### ACTIVITY
The answer is an exact repeat of the entries below, with the pictures omitted.

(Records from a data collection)
-- Opening Marker --

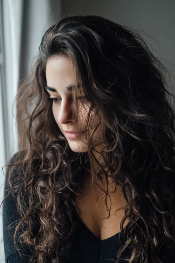 Hydration is everything when it comes to long curls. Use a lightweight curl cream or leave in conditioner on damp hair, then gently scrunch to encourage your natural pattern.
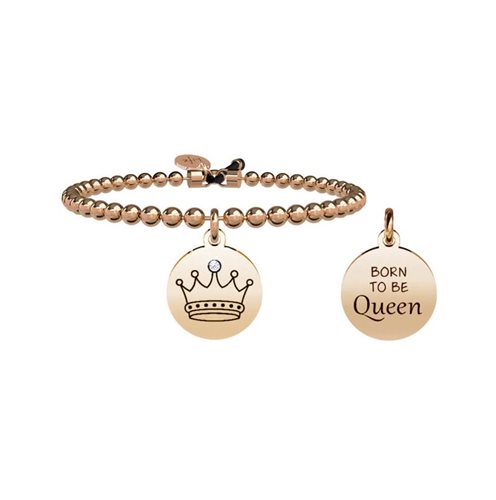 Bracciale in acciaio, pvd rose gold, smalto e cristallo, scritta:'Born to be queen'.
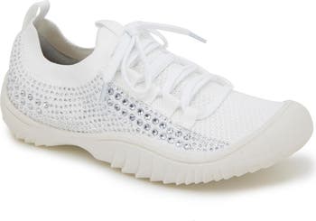 Glam up your walk with this rhinestone-embellished knit slip-on sneaker grounded by an arch-supportive footbed and grippy all-terrain sole.
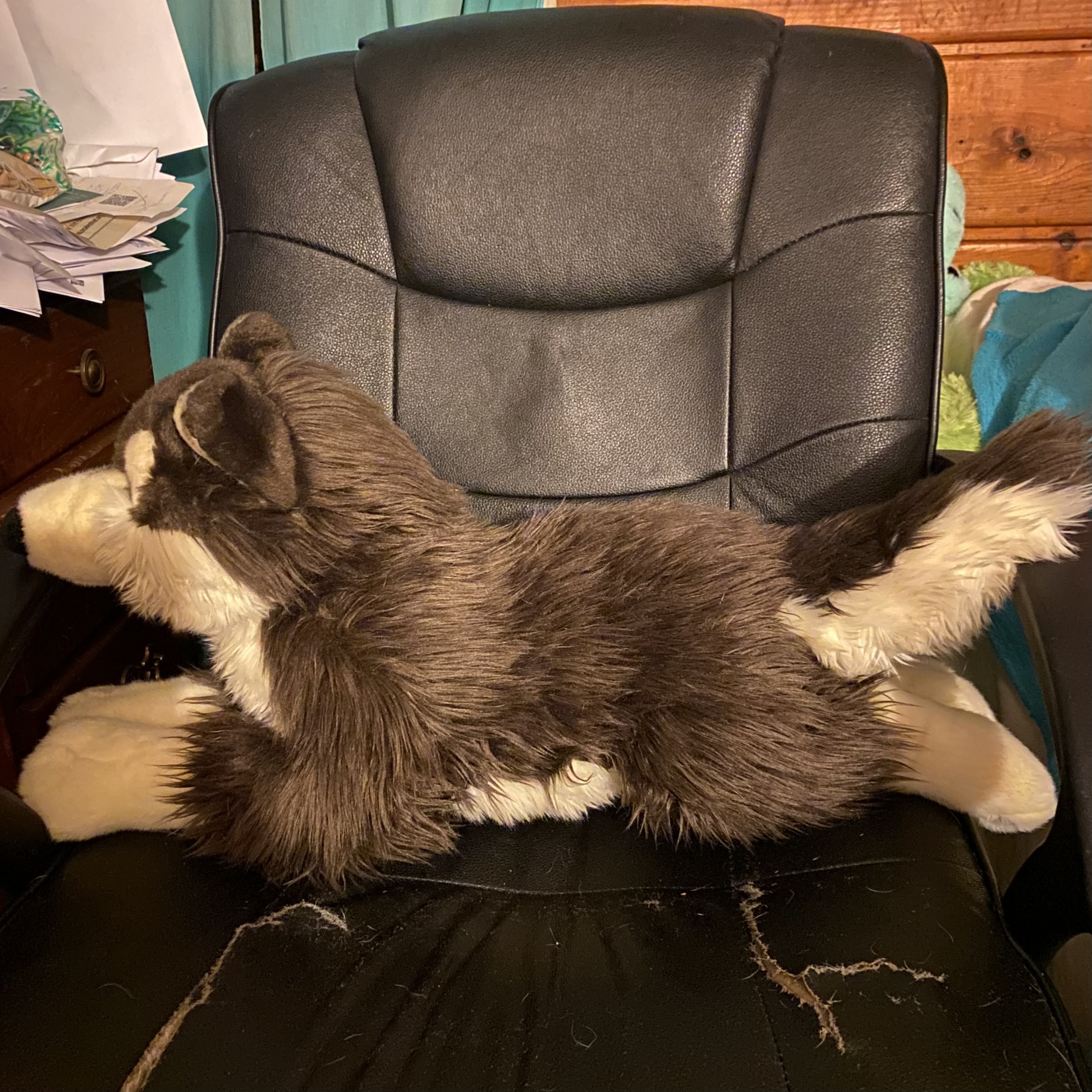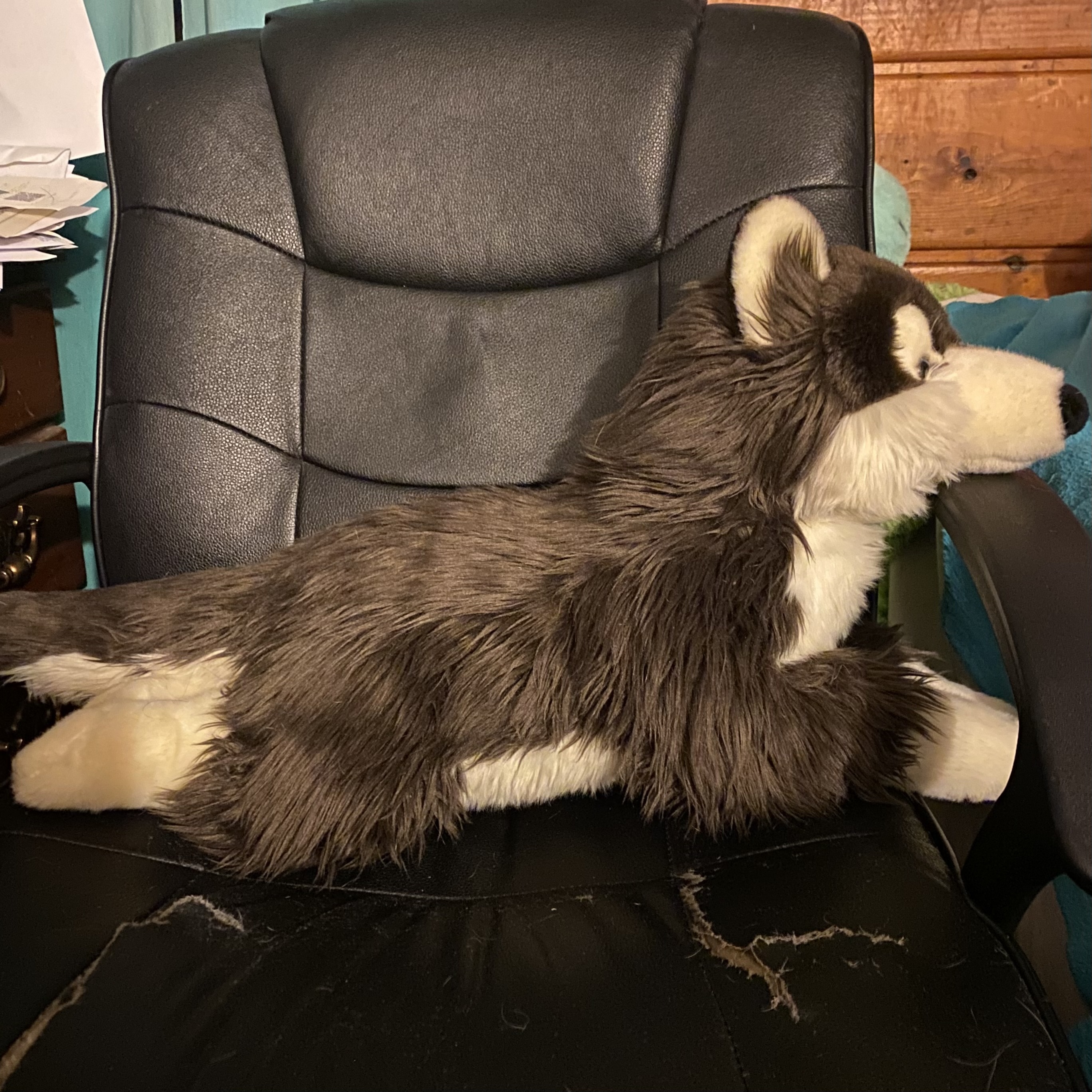 Akari is a big floppy dog plush in a laying position. She has mostly dark brown fur, with a white underside, face, and paws. Her fur is soft and long. She has blue eyes and a black nose. Her ears are pointy and her tail is long.
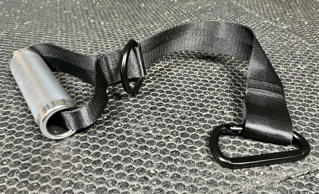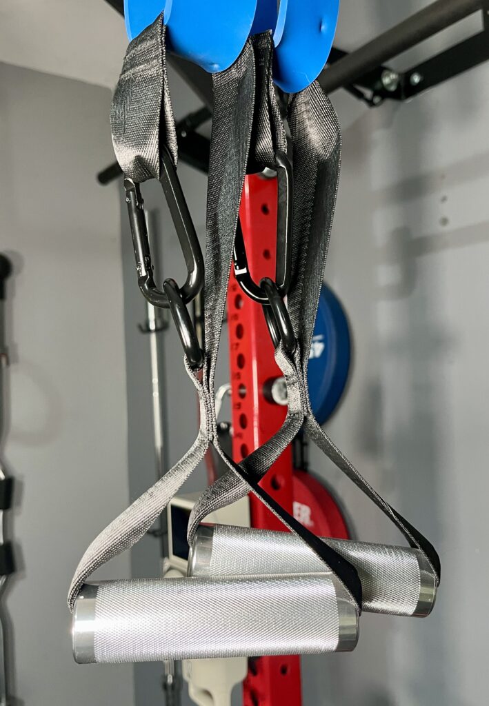 I use the long strap set up with my Voltra cable machine and for this I clip the carabiner directly on the cable.
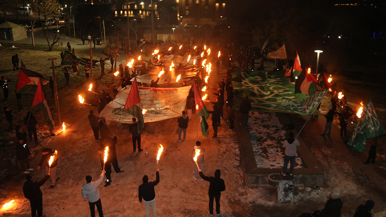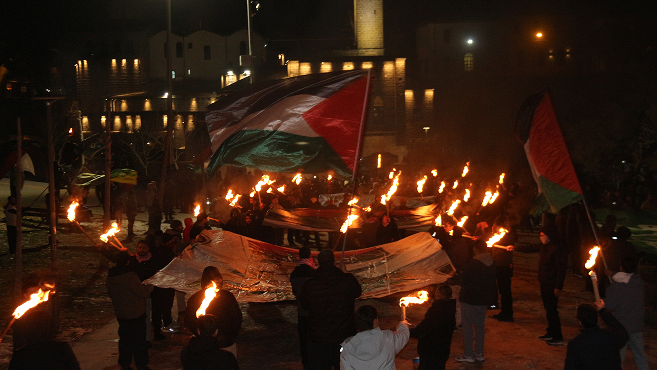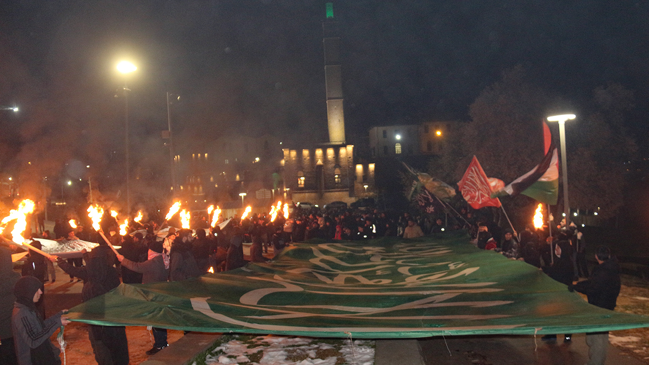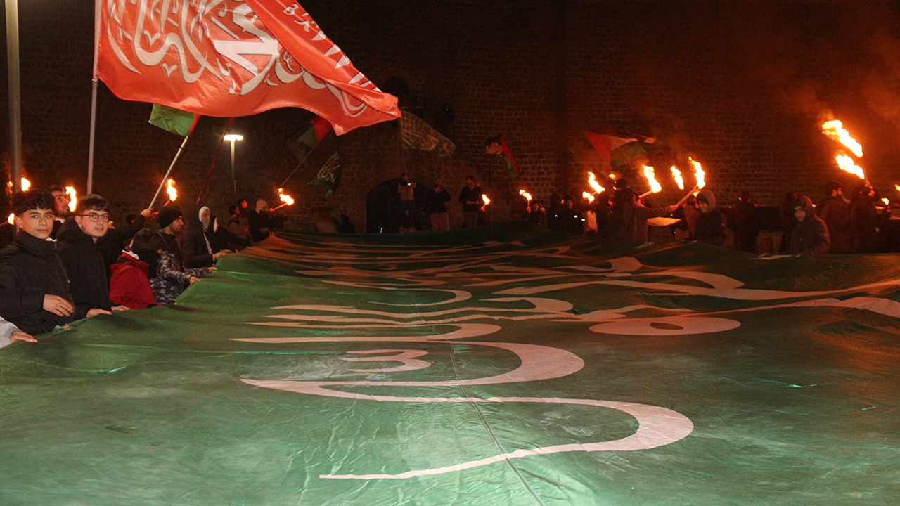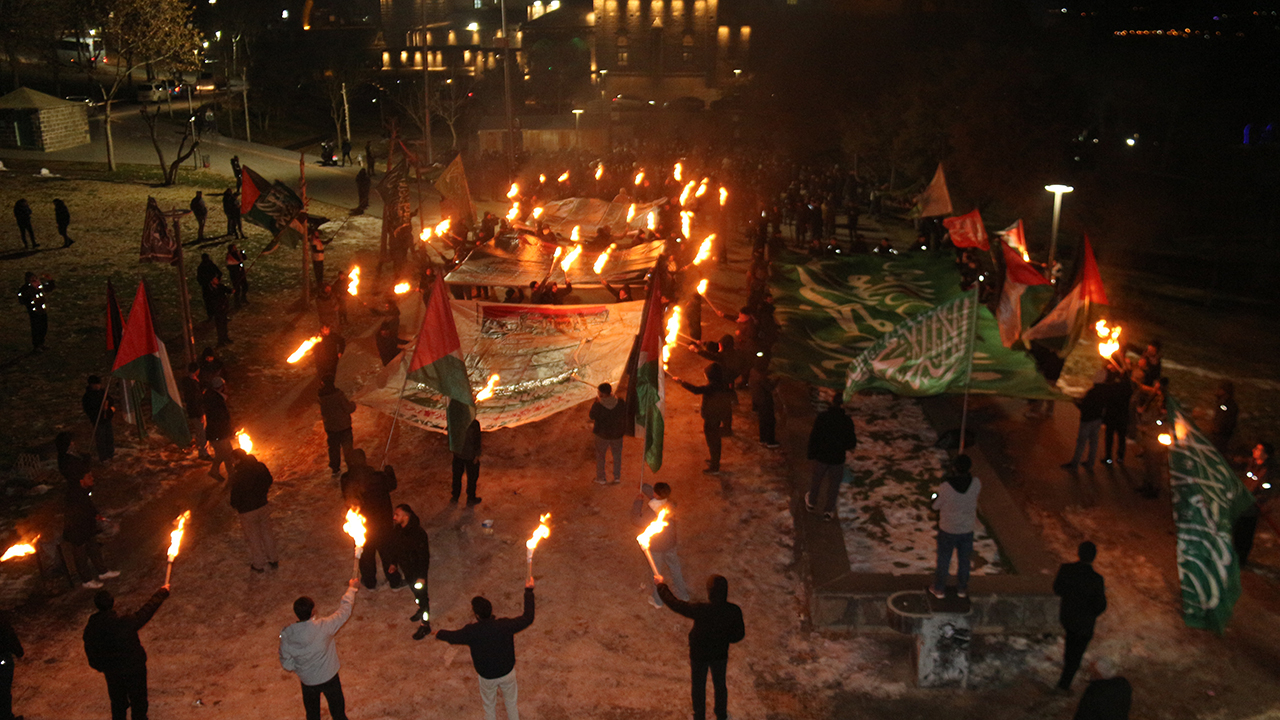 "Gençlik Gazze ile Birlikte" sloganıyla gerçekleştirilen programda, Kudüs davasının yalnızca bir coğrafya meselesi değil, aynı zamanda inanç, kimlik ve ümmet bilinci meselesi olduğu vurgulandı. Miraç Gecesi'nin hicri yıl dönümüne denk gelen etkinlikte, Filistin ve tevhid bayrakları açılırken, Gazze ve Kudüs'e yönelik dayanışma çağrıları yapıldı. Manevi atmosferin hâkim olduğu programda meşaleler yakıldı, tekbirler getirildi ve Kudüs ile Mescid-i Aksa lehine sloganlar atıldı.
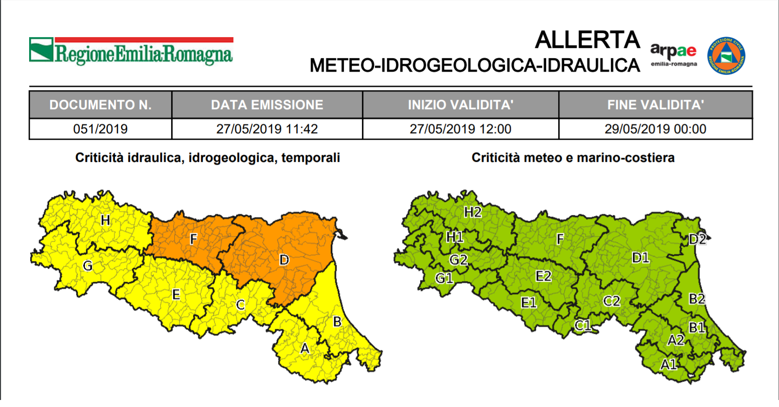La Protezione Civile ha emesso un’allerta valida dalle ore 12.00 odierne fino alle ore 00:00 di Mercoledì 29 Maggio per piene dei fiumi, dei corsi minori e frane.
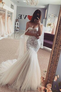 Rochie de mireasa Tul Sirenă Ciubuc Mediu Talie naturale PlajăRochia asta a fost la fel de frumoasă, iar fotografiile arată așa cum ar trebui pe pagina web. M-am îndrăgostit instantaneu de ea imediat ce am îmbrăcat-o.
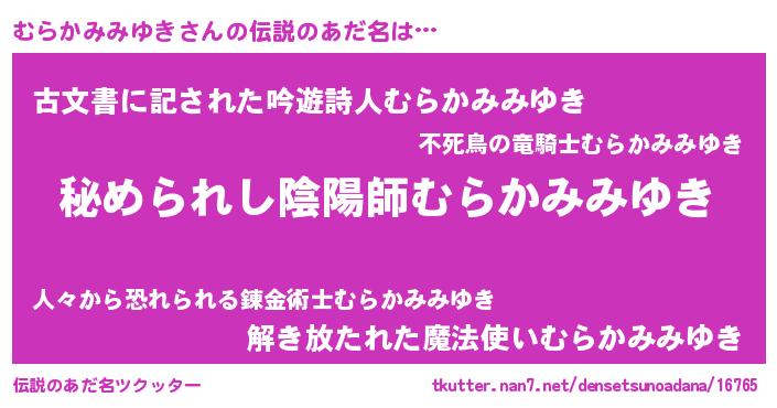 | 女子向けラノベタイトル風あだ名 | 『むらかみみゆきなんてお断りですっ。』 |
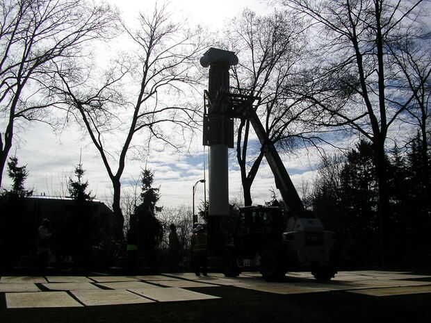 Para bajar las columnas reconstruidas y repintadas encima del poste de hierro en su centro que creé esto rellenado apretón el arnés.
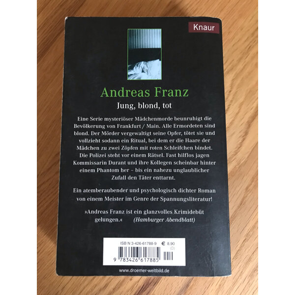Eine Serie mysteriöser Mädchenmorde beunruhigt die Bevölkerung von Frankfurt am Main. Alle Ermordeten sind blond. Der Mörder vergewaltigt seine Opfer, tötet sie und vollzieht sodann ein Ritual, bei dem er die Haare der Mädchen zu zwei Zöpfen mit roten Schleifchen bindet. Die Polizei steht vor einem Rätsel. Fast hilflos jagen Kommissarin Durant und ihre Kollegen scheinbar hinter einem Phantom her - bis ein nahezu unglaublicher Zufall den Täter enttarnt.
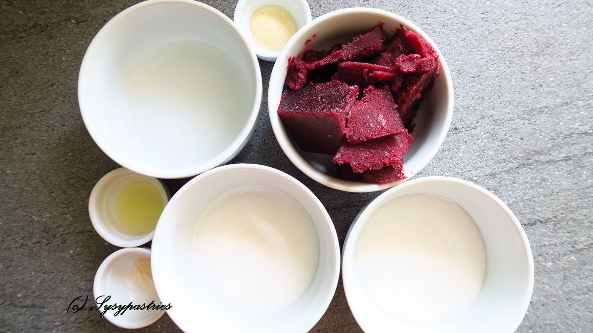 Au niveau des quantités, il y a tout juste ce qu'il faut. Vous n'aurez pas de rab en mousse et en confit de griottes. Pour le biscuit, vous pourrez faire 4 ou 5 biscuits à côté
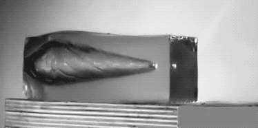 那時我學完了計算固體力學。跟許多做仿真的初學者一樣,一切都是從模擬果凍開始,畢竟果凍是最典型的彈性體,並且往往很軟,不會給ODE(常微分方程)的時間步離散格式帶來過分stiff從而要麼dt小,要麼系統難解的這個數值問題。於是在彈塑性固體裏面,我找到一個想要模擬的案例:子彈射穿果凍。那時乃至今日看來,都沒有多少比這更炫酷的實拍視頻:
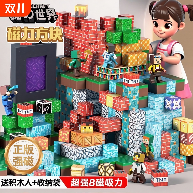 我的世界磁力方块全套正版拼图益智拼装磁吸积木玩具男女孩礼物
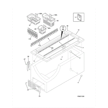 This full-width upper storage basket sits at the top of the freezer compartment. It hangs on the upper rails to keep smaller items organized and easy to reach, restoring usable space when the original basket is damaged or missing.
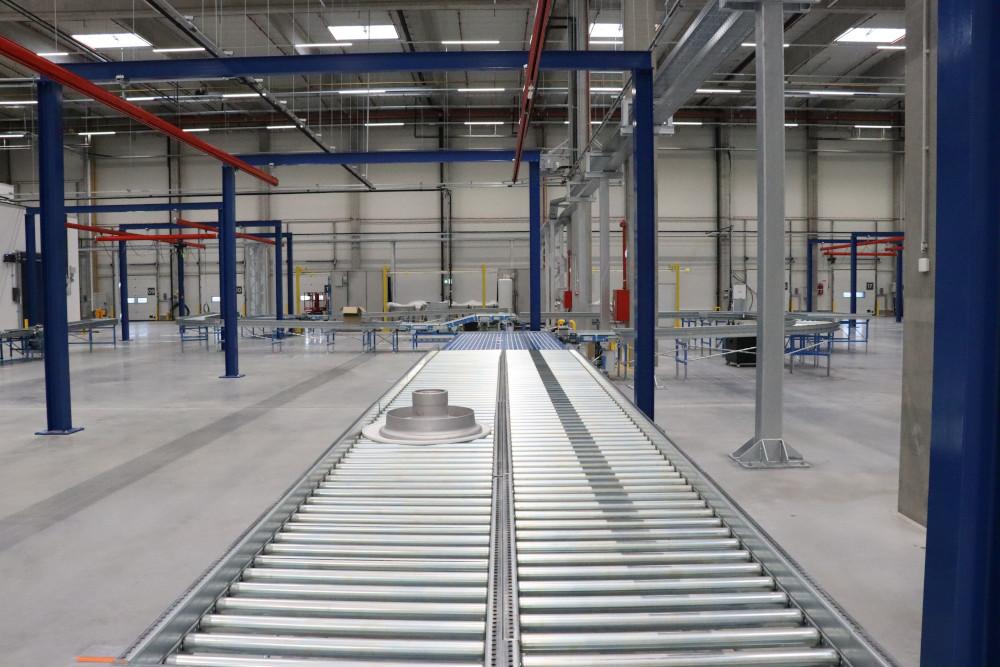 Pictured are the new cranes and the roller conveyor system for the planned wheels and brakes repair shop at Aeroplex Component Repair Center. The facility, located around seven mi. from its main base, is currently undergoing construction and is set to open in October this year.

-- Closing Marker --

### EXPECTED ANSWER
 Hydration is everything when it comes to long curls. Use a lightweight curl cream or leave in conditioner on damp hair, then gently scrunch to encourage your natural pattern.
 Bracciale in acciaio, pvd rose gold, smalto e cristallo, scritta:'Born to be queen'.
 Glam up your walk with this rhinestone-embellished knit slip-on sneaker grounded by an arch-supportive footbed and grippy all-terrain sole.
 Akari is a big floppy dog plush in a laying position. She has mostly dark brown fur, with a white underside, face, and paws. Her fur is soft and long. She has blue eyes and a black nose. Her ears are pointy and her tail is long.
 I use the long strap set up with my Voltra cable machine and for this I clip the carabiner directly on the cable.
 "Gençlik Gazze ile Birlikte" sloganıyla gerçekleştirilen programda, Kudüs davasının yalnızca bir coğrafya meselesi değil, aynı zamanda inanç, kimlik ve ümmet bilinci meselesi olduğu vurgulandı. Miraç Gecesi'nin hicri yıl dönümüne denk gelen etkinlikte, Filistin ve tevhid bayrakları açılırken, Gazze ve Kudüs'e yönelik dayanışma çağrıları yapıldı. Manevi atmosferin hâkim olduğu programda meşaleler yakıldı, tekbirler getirildi ve Kudüs ile Mescid-i Aksa lehine sloganlar atıldı.
La Protezione Civile ha emesso un’allerta valida dalle ore 12.00 odierne fino alle ore 00:00 di Mercoledì 29 Maggio per piene dei fiumi, dei corsi minori e frane.
 Rochie de mireasa Tul Sirenă Ciubuc Mediu Talie naturale PlajăRochia asta a fost la fel de frumoasă, iar fotografiile arată așa cum ar trebui pe pagina web. M-am îndrăgostit instantaneu de ea imediat ce am îmbrăcat-o.
 | 女子向けラノベタイトル風あだ名 | 『むらかみみゆきなんてお断りですっ。』 |
 Para bajar las columnas reconstruidas y repintadas encima del poste de hierro en su centro que creé esto rellenado apretón el arnés.
Eine Serie mysteriöser Mädchenmorde beunruhigt die Bevölkerung von Frankfurt am Main. Alle Ermordeten sind blond. Der Mörder vergewaltigt seine Opfer, tötet sie und vollzieht sodann ein Ritual, bei dem er die Haare der Mädchen zu zwei Zöpfen mit roten Schleifchen bindet. Die Polizei steht vor einem Rätsel. Fast hilflos jagen Kommissarin Durant und ihre Kollegen scheinbar hinter einem Phantom her - bis ein nahezu unglaublicher Zufall den Täter enttarnt.
 Au niveau des quantités, il y a tout juste ce qu'il faut. Vous n'aurez pas de rab en mousse et en confit de griottes. Pour le biscuit, vous pourrez faire 4 ou 5 biscuits à côté
 那時我學完了計算固體力學。跟許多做仿真的初學者一樣,一切都是從模擬果凍開始,畢竟果凍是最典型的彈性體,並且往往很軟,不會給ODE(常微分方程)的時間步離散格式帶來過分stiff從而要麼dt小,要麼系統難解的這個數值問題。於是在彈塑性固體裏面,我找到一個想要模擬的案例:子彈射穿果凍。那時乃至今日看來,都沒有多少比這更炫酷的實拍視頻:
 我的世界磁力方块全套正版拼图益智拼装磁吸积木玩具男女孩礼物
 This full-width upper storage basket sits at the top of the freezer compartment. It hangs on the upper rails to keep smaller items organized and easy to reach, restoring usable space when the original basket is damaged or missing.
 Pictured are the new cranes and the roller conveyor system for the planned wheels and brakes repair shop at Aeroplex Component Repair Center. The facility, located around seven mi. from its main base, is currently undergoing construction and is set to open in October this year.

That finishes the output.